Reid was born Helen Miles Rogers in Appleton, Wisconsin on November 23, 1882. She was the daughter of Benjamin Talbot Rogers, a prominent merchant, and his wife Sarah Louise (née Johnson) Rogers. She was the youngest of eleven children including: Minna Rogers Winslow, James Carson Rogers, Grace Eleanor Rogers, the Rev. Benjamin Talbot Rogers Jr., Annette Rogers, and Florence Rogers Ferguson.

==Career==
She graduated with an A.B. from Barnard College in 1903. She became social secretary for Elisabeth Mills Reid, the wife of Whitelaw Reid (1837–1912), the U.S. ambassador to Great Britain and France and 1892 Republican vice presidential candidate. She worked for Mrs. Reid for eight years, spending time in the United Kingdom and the United States. She then married Mrs. Reid's son Ogden Mills Reid.

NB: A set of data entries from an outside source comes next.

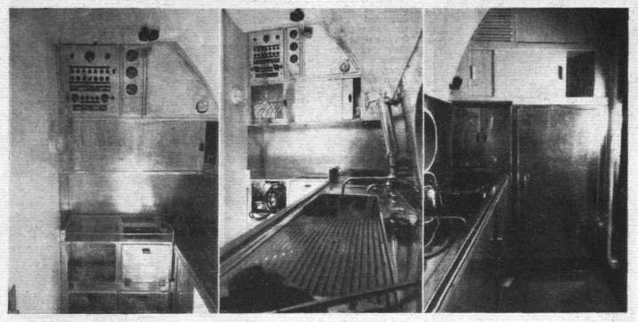Three views of the galley furnished by General Electric. The switch panel at top left is the call system from the various passenger compartments. (Flight)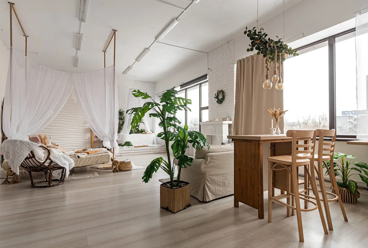 Просторный светлый зал 85 м² с белыми стенами и антресолью, катающейся кроватью и огромными окнами.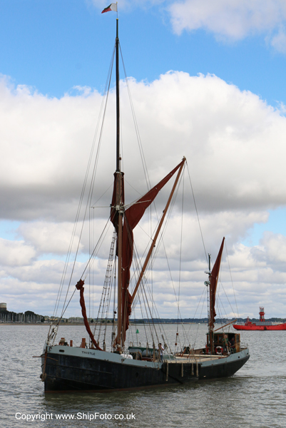 It was a bright day with sunny intervals as 47 TSS members gathered on Halfpenny Pier, Harwich, to board the sailing barge Thistle for our cruise covering Ipswich and Felixstowe. As we waited the Brointermed general cargo ship Breb Star departed from Harwich bound for La Spezia. She was assisted from her berth by the local tug Gray Test.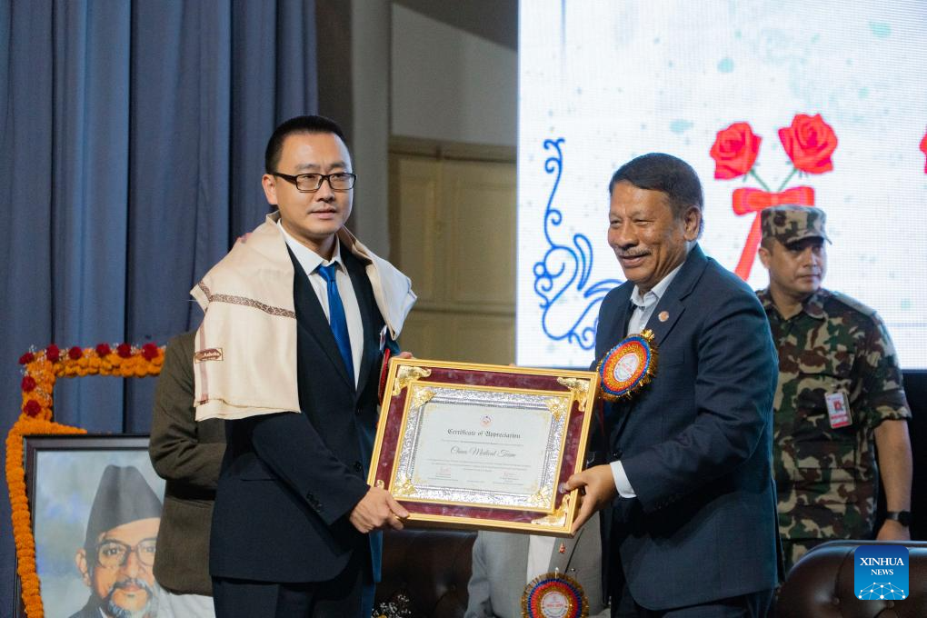Prakash Man Singh (R), Nepal's deputy prime minister and minister for urban development, presents a "certificate of outstanding contribution award" to a representative of the Chinese medical team in Bharatpur, Nepal, Sept. 26, 2024. (Xinhua)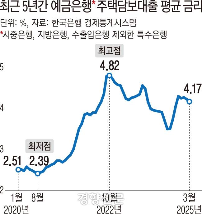 문제는 당시 주담대 금리는 2%였으나 현재는 4~5%대에 육박한다는 데 있다. 한국은행 경제통계시스템을 보면 올해 1~3월 예금은행 주택담보대출금리(신규취급액 기준)는 평균 4.22%(4.17~4.27%)로 2020년 1~3월 평균 2.5%(2.48~2.52%)보다 1.72%포인트 올랐다.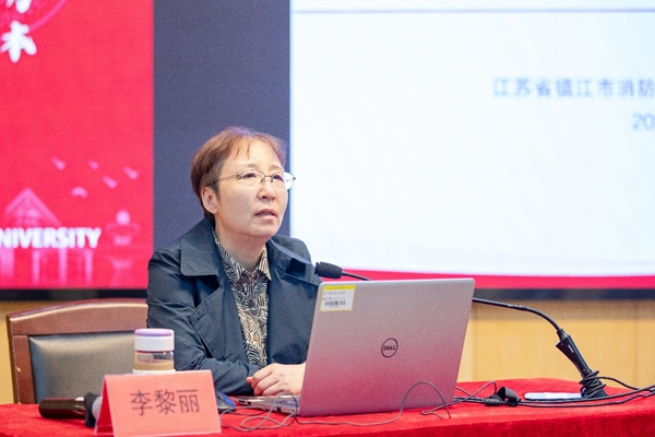 11月14日,今年会邀请江苏省镇江市消防救援支队高级工程师李黎丽到今年会开展“守住消防安全‘红线’,筑牢校园‘防火墙’”消防主题讲座。校党委委员、纪委书记李云涛出席活动,各二级单位分管安全工作的负责人、安全员和后勤服务保障类单位负责人、安全员参加了此次培训。讲座由保卫处处长(党委保卫部部长)刘松伟主持。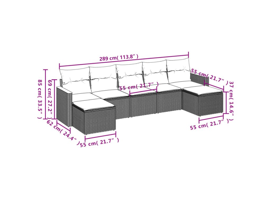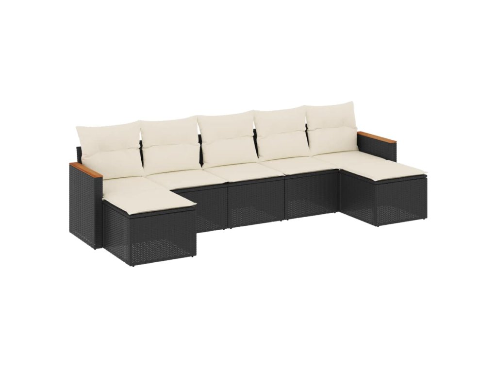 7dílná zahradní sedací souprava s poduškami černá polyratan 3226231
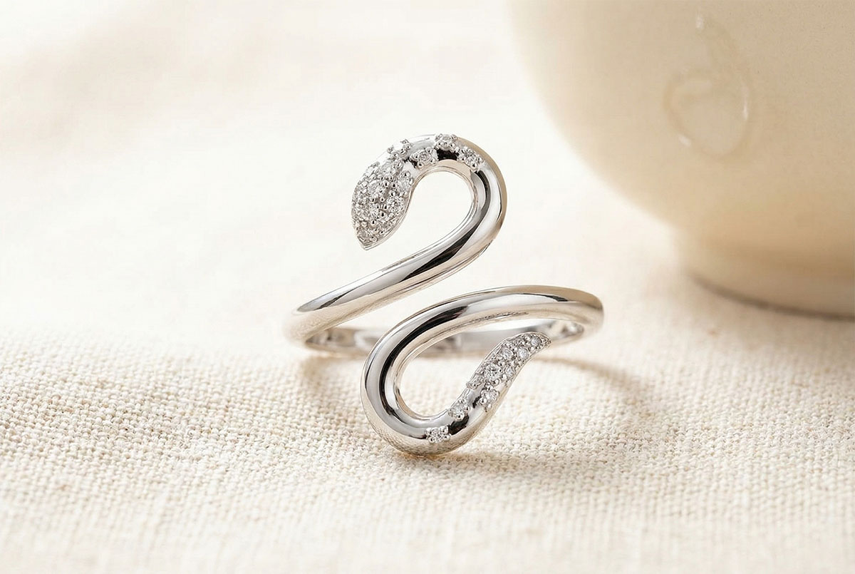 Un inel şarpe sofisticat din aur alb cu forme sinuoase şi ademenitoare ce este finisat cu diamante.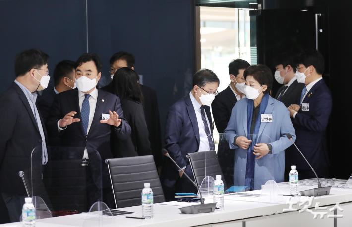 14일 오전 서울 여의도 국민일보 빌딩에서 열린 더불어민주당 의원모임 '더좋은미래'의 비공개 전체회의에 김기식 더미래연구소장(왼쪽부터), 윤관석, 김성환, 남인순 의원들이 참석, 대화하고 있다.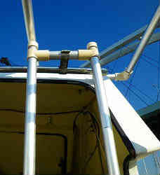 サブ(後方)オーニング:後部支柱後方のサイドレールにアルミの支柱を立てます。一番後方ではなく少し(50cm程)前方にしてあります。それには2つの理由があります。1つはスパンカー展開する時に邪魔になると、もう一つは後方へ斜めの補強パイプを立てるためです。写真の通りイレクターで組んでU字ボルトとパイプ用クランプ金具(パイプを挟んで留める金具)で固定しました。 | ![]() |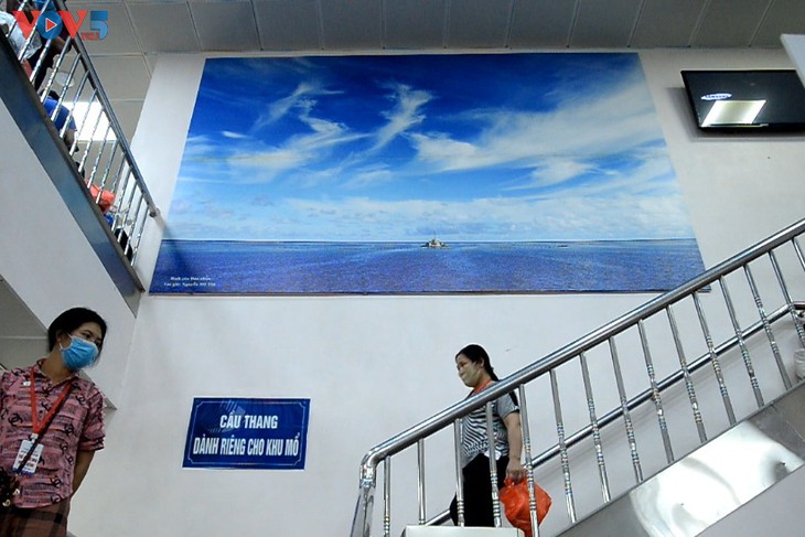 药师阮文体说:“来到这里,我看到了非常好看的照片,这让人想起了民族的海洋岛屿主权。去医院看病,还可以看到如此漂亮的照片,这种环境真是太棒了。”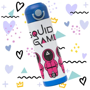 Το παιχνίδι του καλαμαριού, Παιδικό παγούρι θερμό, ανοξείδωτο, με καλαμάκι ασφαλείας, ΜΠΛΕ (500ml)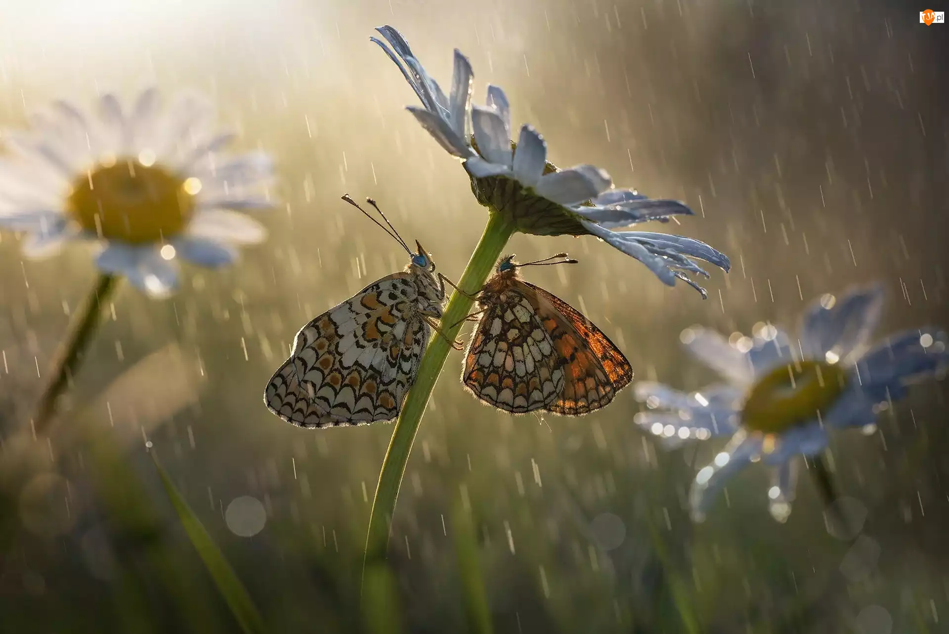 Deszcz, Motyle, Przeplatki, Margerytki

In 1918, six years after her father-in-law died, her husband brought her in and she began working at the New-York Tribune, becoming an advertising solicitor. Instrumental in merging the New-York Tribune with the New York Herald, she took over as president on the death of her husband in 1947. In her obituary, The New York Times described her as follows:

Mrs. Reid was an unflamboyant but powerful force in the newspaper world and in the city's civic and social life. Her business acumen, first displayed as an advertising salesman, and her editorial judgment, in making the paper attractive to women and suburban readers, helped to transform The Herald Tribune into a modern newspaper.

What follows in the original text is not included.